If you look beyond this imagined fountain in this marketplace, Jesus and some of his companions have come to get some fruit, some bread, whatever. Jesus and his friends run into some of curious opponents who are so intrigued or bothered by Jesus's holiness and teaching. So bugged that they just can't let him be.  In the background, these children could be singing what we would think of as a nursery rhyme, or it could be the equivalent of a pop song. They were not quoting Aristotle or uttering proverbs, however, Jesus raises their presence up to eye level. 

Childhood is a modern ideal. Of course, there have always been children, but the sweet darling vision of innocence that we might assume when we hear of children isn’t what Jesus’ hearers assume. Generally, people loved their children, the gospels themselves witness to such wholehearted familial love. However, the cultural norm, especially in the wider Hellenistic world, considered children in general to be on par with squirrels or stray dogs. Germy and in the way, a drain on resources until they could contribute, unfocused: plenty of the same critiques we might make today when we are quite frustrated with our children.  In this ancient situation the repeated New Testament use of children as a positive analogy for the way of discipleship - it would have gotten your attention because it sounded somewhat insulting. And here where children are raised up as carriers of sacred truth and wisdom, is stepping way outside the status quo. 

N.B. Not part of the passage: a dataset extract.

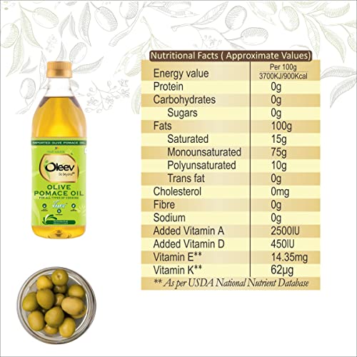 Oleev Olive Pomace Oil for Everyday Cooking, 1L PET Bottle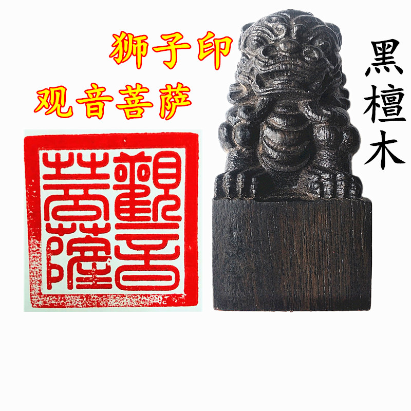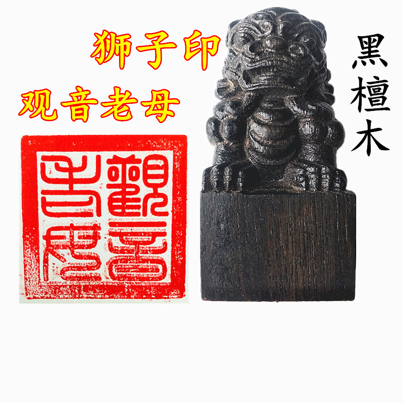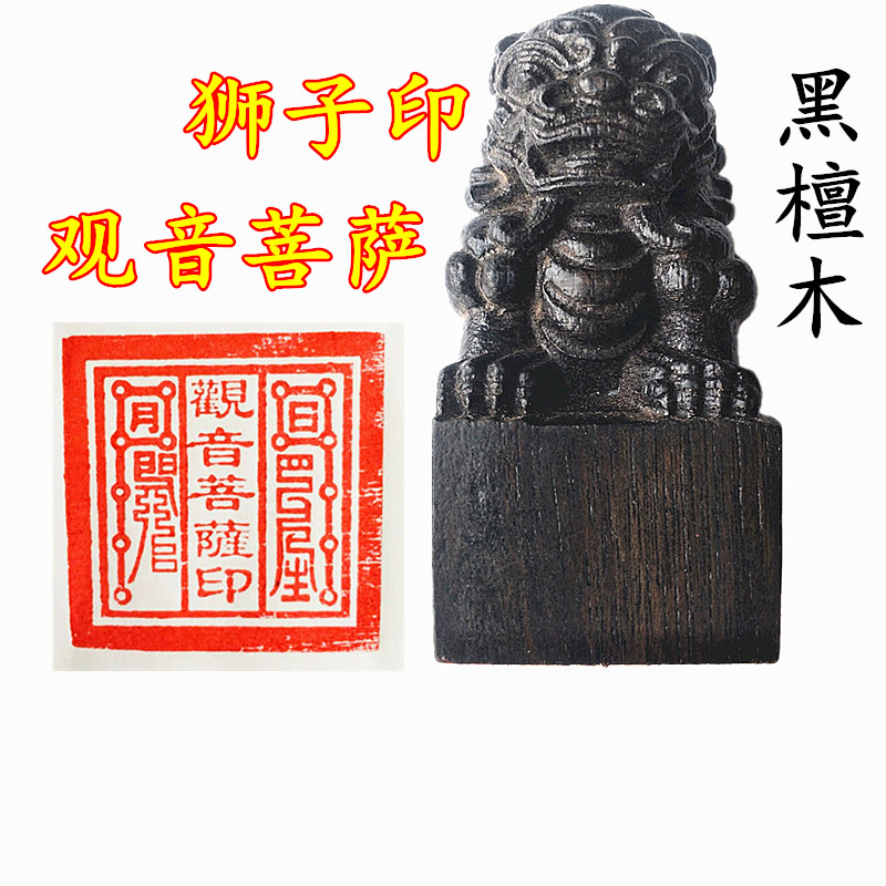 Taoist Taoist supplies seal French seal Avalokitesvara Bodhisattva Avalokitesvara Guanyin old female lion print ebony

In 2012 a boy named Robbie was stuck at home, or maybe he was in the hospital again. When you have a brittle bone disease some times of immobility are just par for the course. So to keep him busy his older brother-in-law started a video project with him. It was a silly little delight intended just for themselves, a video of what a "Kid President" might have to say to anyone who would listen. Things like: if you can’t think of anything nice to say you aren’t thinking hard enough. And: give people high fives for just getting out of bed. Being a person is hard sometimes. It was a playfulness but he managed to same some things that apparently we need to hear.  The internet is our modern marketplace and that child, he uttered pep talks that went viral. 

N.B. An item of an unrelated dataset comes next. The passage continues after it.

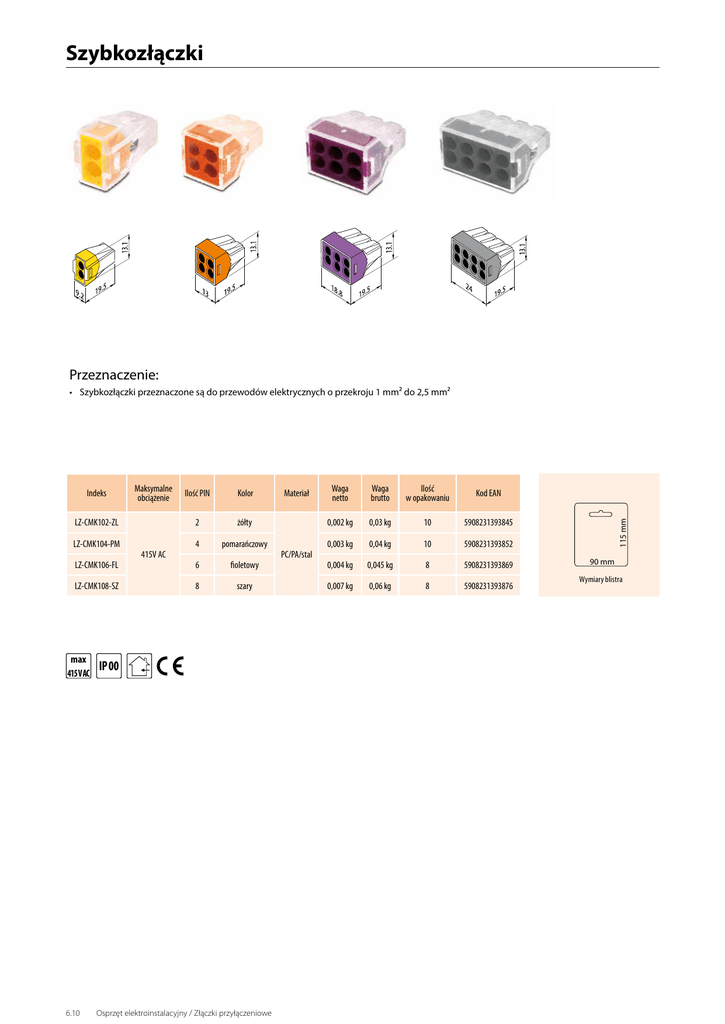 Szybkozłączki Przeznaczenie: Indeks Maksymalne obciążenie LZ-CMK102-ZL LZ-CMK104-PM LZ-CMK106-FL LZ-CMK108-SZ max 415 V AC 6.10 415V AC Ilość PIN Kolor 2 żółty 4 pomarańczowy 6 fioletowy 8 szary IP 00 Osprzęt elektroinstalacyjny / Złączki przyłączeniowe Materiał PC/PA/stal Waga netto Waga brutto Ilość w opakowaniu Kod EAN 0,002 kg 0,03 kg 10 5908231393845 0,003 kg 0,04 kg 10 5908231393852 0,004 kg 0,045 kg 8 5908231393869 0,007 kg 0,06 kg 8 5908231393876 115 mm • Szybkozłączki przeznaczone są do przewodów elektrycznych o przekroju 1 mm2 do 2,5 mm2 90 mm Wymiary blistra

One of the things that's changed since Jesus's day is sometimes we are more willing to hear the truth from a child than a peer. Especially a child with a muppet-like laugh and a sly smile. I believe a big part of the reason for this change in the embrace of childhood is because of Jesus himself. His very Incarnation, his humble birth to struggling parents in a backwater town: it changed how we see all children and our duty to them. We don’t inherit our world from our parents, we borrow it from our children. How should that truth, in the light of Jesus, shape our choices? What are they saying that we should hear? 

The scene we just witnessed in the marketplace has Jesus responding to his detractors saying, we just can’t win with you, because you are not even listening.  These children get something you don't.  He is also subtly repeating the fragility of his own life, the threat that he was under. The commentary regarding he and John, some of those bad reviews are punishable by death. Jesus whistles a tune of his own fragility in this life for being so transparent to God.

The very image of God's heart, Jesus doesn’t show up to issue report cards or reject the way we are made. He comes alongside our play fountains and our dark valleys. He sings along and welcomes us: the gluttons and challengers and the last and the least and the lost. He comes to love us all so wholeheartedly, to sing along with us so naturally, that our tune falls in line with his. 
Do you hear his song, and won't you sing along?